Szent István Korona Irsai Olivér 2010
Irsai Olivér is a grape few people outside Hungary will have heard of – and learning that it’s a cross of Csaba’s Pearl and Pozsonyi doesn’t exactly help. What drinkers do need to know is that it’s gently grapey, floral and Muscat-like (actually a grandparent), and, when made well, it gives delightful pretty summery wines.
This wine is made by Gábor Laczkó who, aged just 34, is the youngest winemaker at Törley, one of Hungary’s biggest producers. He studied food technology to start with but fell in love with wine through spending summer holidays visiting wine cellars with fellow students. Trips to Argentina and South Africa helped him to broaden his vision, though he notes, “we have to accept that we can only support Hungarian viticulture by consuming Hungarian wines.”
The Szent István Korona (St Stephen’s crown) range is his responsibility and he says “my aim is to make refreshing wines at affordable prices.” This is a wine that does exactly that, and that’s no small achievement in the cool, rain-drenched 2010 vintage, one of Hungary’s worst for years.
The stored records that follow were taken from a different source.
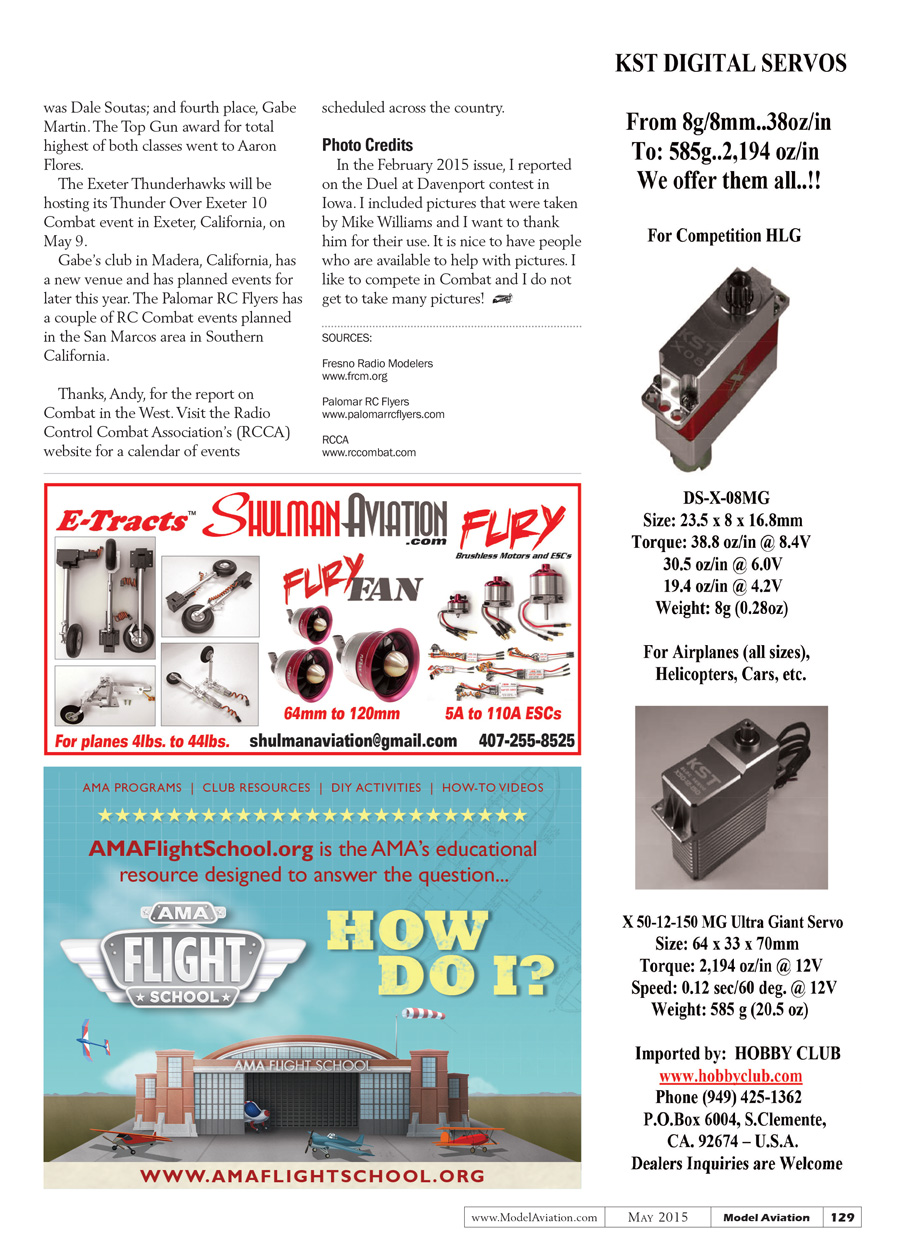 Gabe’s club in Madera, California, has a new venue and has planned events later this year. The Palomar RC Flyers has a couple of RC Combat events planned in the San Marcos area in Southern California.
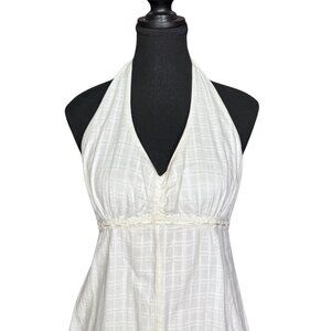 Step into carefree summer style with this vintage Billabong halter dress — the perfect blend of boho charm and coastal cowgirl vibes. Made from 100% cotton with a soft lining, this airy white dress features a subtle textured plaid pattern, braided trim accents, and a flowy asymmetrical hem that moves beautifully. Ideal for festival days, beach weddings, fairycore picnics, or laid-back Y2K-inspired outfits.
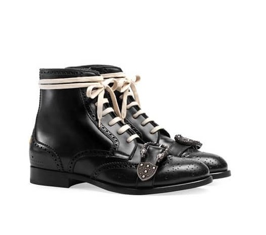 - Botines de cuero brillante con hebilla y cordones de la colección Otoño/Invierno 2020 «Queercore» Hombre de la línea Gucci
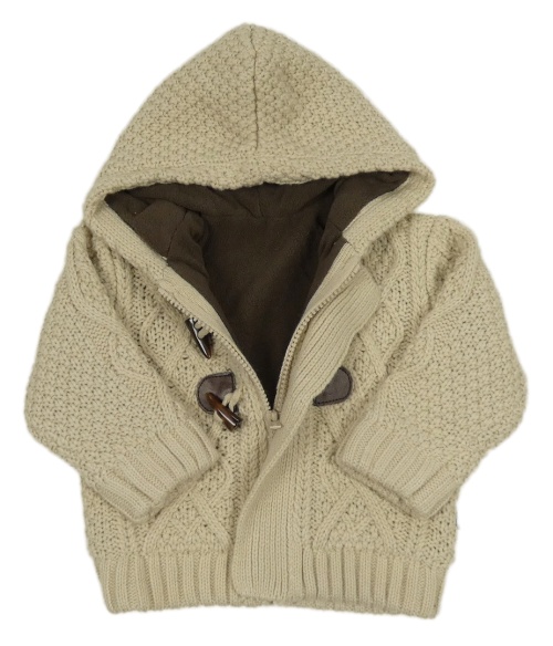 Smotanový pletený podšitý prepínaci sveter s kapucňou Nutmeg
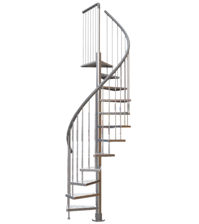 Escada metálica em caracol para um piso interior de habitação, de até 3,00 m de altura livre, de 0,60 m de largura, formada com perfis de aço laminado a frio, formando uma árvore central de 100 mm de diâmetro, degraus de chapa estampada de 3 mm de espessura, guarda formada por barras verticais de varão de aço liso e corrimão com acabamento em PVC. Inclusive elementos de ancoragem. | ||
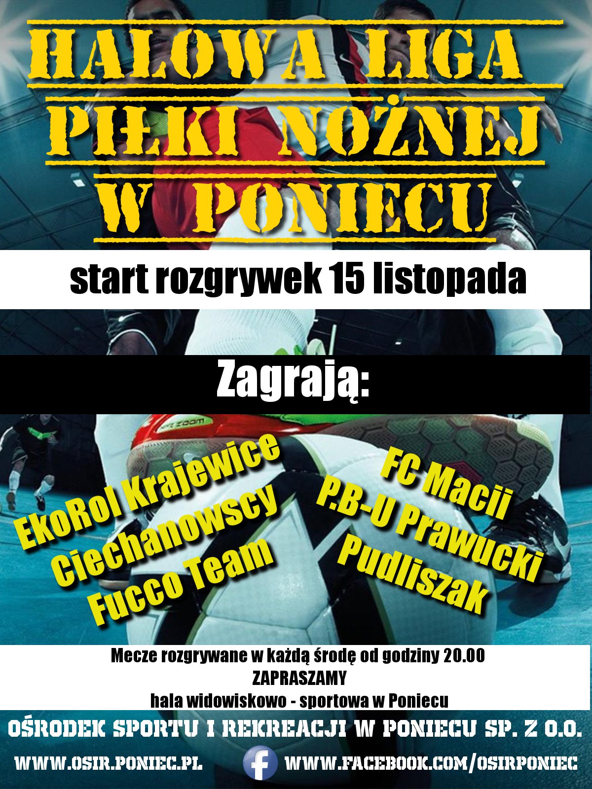 W dniu dzisiejszym o godzinie 20.00 meczem pomiędzy drużynami EkoRol Krajewice a Pudliszak zostaną zainaugurowane rozgrywki Halowej Ligi Piłki Nożnej w Poniecu.
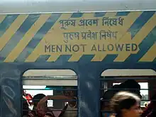 À Bombay, tous les trains de banlieue sont dotés de compartiments réservés aux femmes, même si les enfants en âge d'aller à l'école peuvent aussi y monter. Deux compartiments sont réservés aux femmes pendant 24 heures et un autre leur est réservé à des horaires spécifiques. Les compartiments pour femmes sont des voitures de première et deuxième classe. Aux heures de pointe, il existe aussi trois ou quatre rames entièrement réservées aux femmes. Comme le nombre de voyageuses a doublé dans les années 2000, la demande est forte pour de type de service[10]. De nombreux trains présentent des compartiments pour femmes comme, entre autres, le métro de Bombay et le métro de Delhi[11]. Ce mouvement a aussi conduit à l'établissement de taxis pour femmes : les tuk-tuk roses (en)[12].
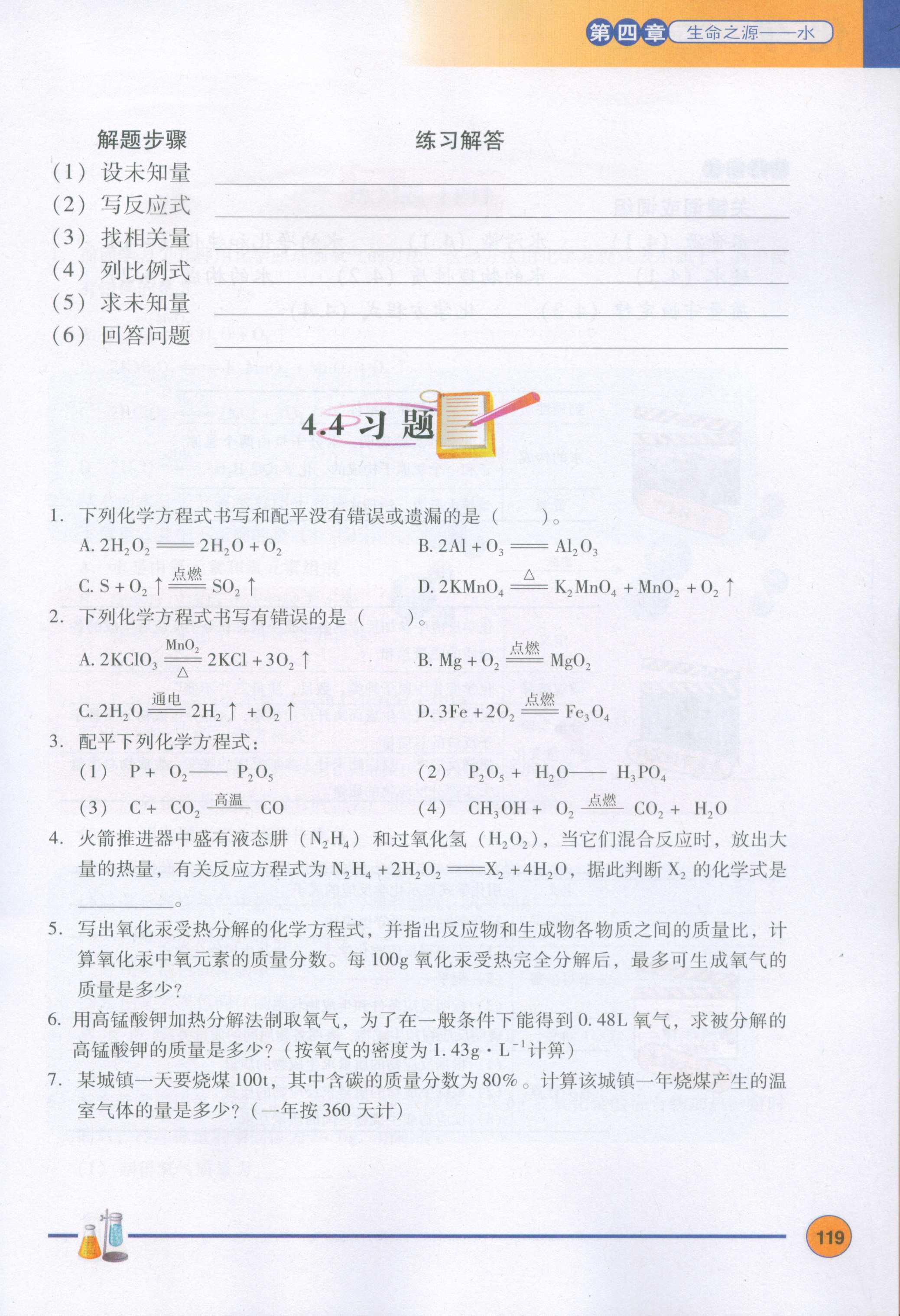2012年新粤教版初中化学九年级上册电子课本:《4.4化学方程式》
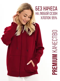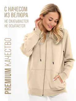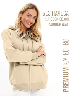 Худи на молнии с капюшоном без начеса оверсайз
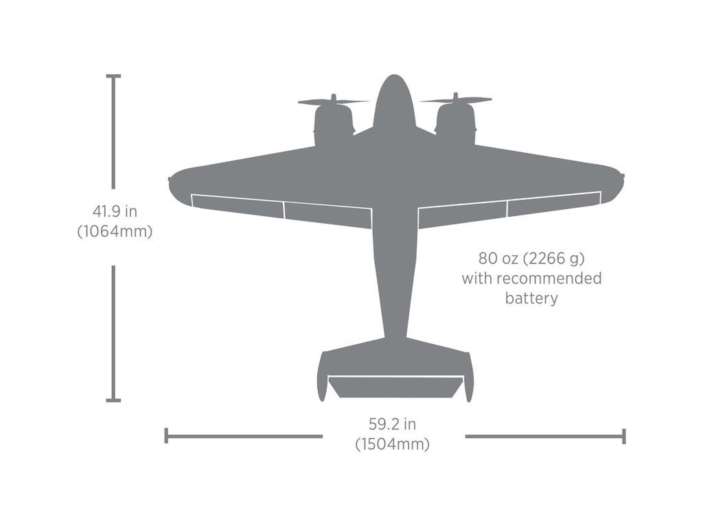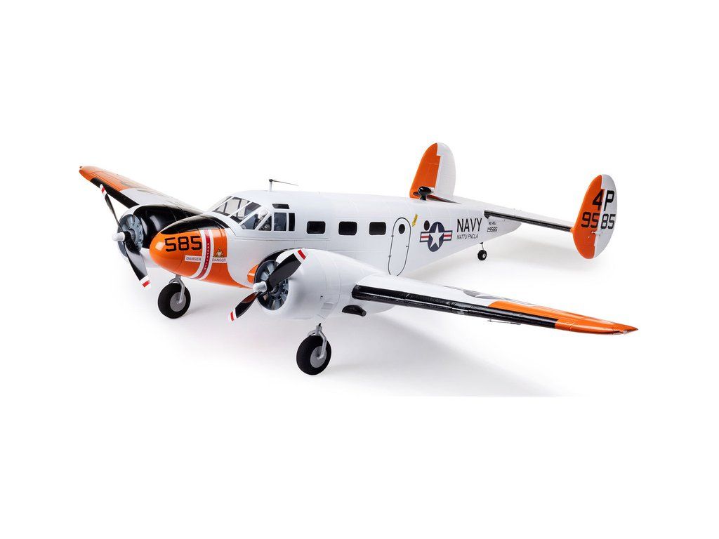 Detailní polomaketa dvoumotorového RC modelu letadla od E‑flite, Beechcraft D18 o rozpětí 1.5 metru. Výborné letové vlastnosti a snadné ovládání. Nainstalované LED osvětlení, vztlakové klapky, elektrický podvozek. Verze PNP bez přijímače a vysílače.
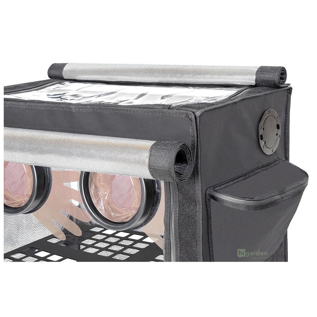 - Maximální ochrana proti kontaminaci: Čtyři vzduchotěsné rukavice, čtyři pasivní vzduchová okna s H14 filtry a odolné těsnící zipy vytvářejí bezpečné pracovní prostředí.
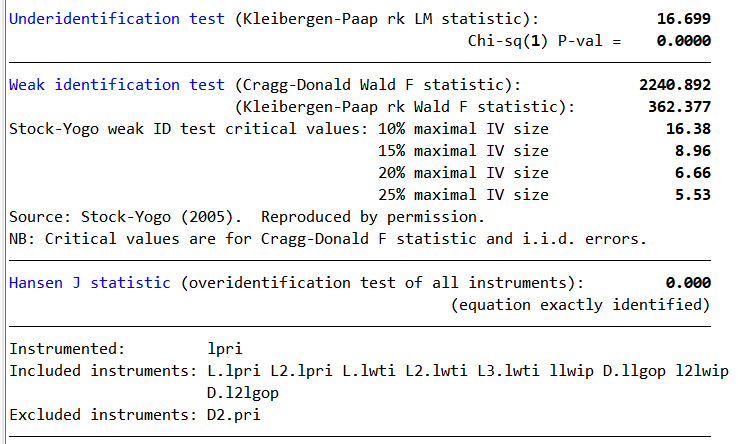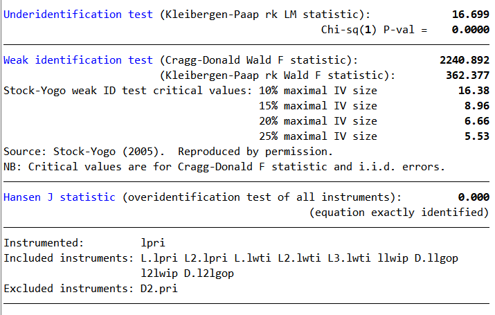 The instrument is the geopolitical turning points. It capture the sudden changes in the geopolitical dynamics that are not anticipated by the markets and economic agents. The test for the instrumental variable is the first stage diagnostic that you have runing the following in IV regressions with Stata. First, we take a look at what is produce by the locproj command:
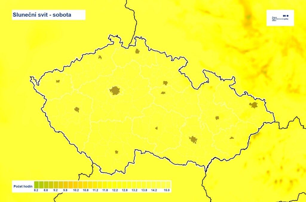Téměř bezoblačné počasí vydrží až do nedělního večera, kdy v Čechách na studené frontě začne od západu přibývat oblačnosti, místy s přeháňkami a bouřkami. »V sobotu bude jasno a příjemně teplo, v neděli nás čekají vysoké teploty a večer dorazí od západu na část území bouřky,« napsali meteorologové.
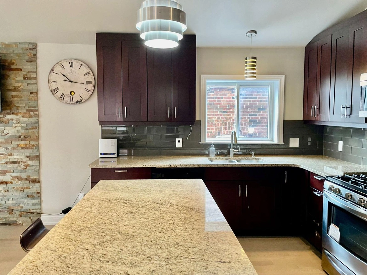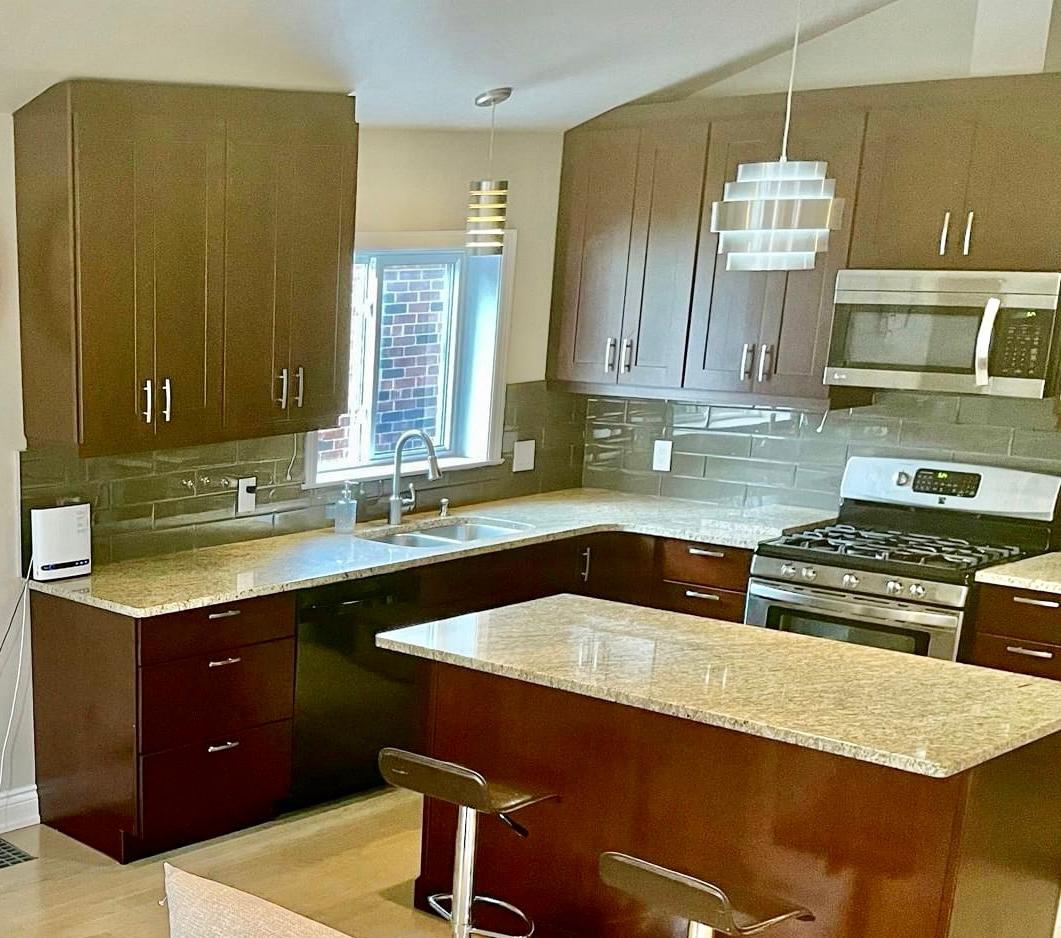Beautiful , well kept , Vintage style maple wood kitchen cabinets with doors and appliances for sale.
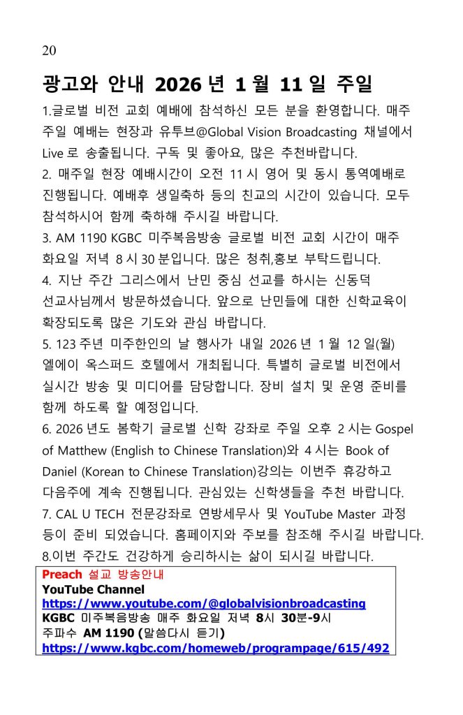 | Preach 설교 방송안내 YouTube Channel https://www.youtube.com/@globalvisionbroadcasting KGBC 미주복음방송 매주 화요일 저녁 8시 30분-9시 주파수 AM 1190 (말씀다시 듣기) https://www.kgbc.com/homeweb/programpage/615/492 |

However, what made it a trophy winner is that it shows something that is relatively rare in wines in this price category: a true sense of place. It comes from just 14 hectares of vineyards in the rolling hill of Etyek-Buda. Here the cool climate and chalky subsoil give wines a fabulous, crisp acidity and mineral backbone – exactly what this grape needs to lift it above just pretty summer drinking, and all for a very affordable price.”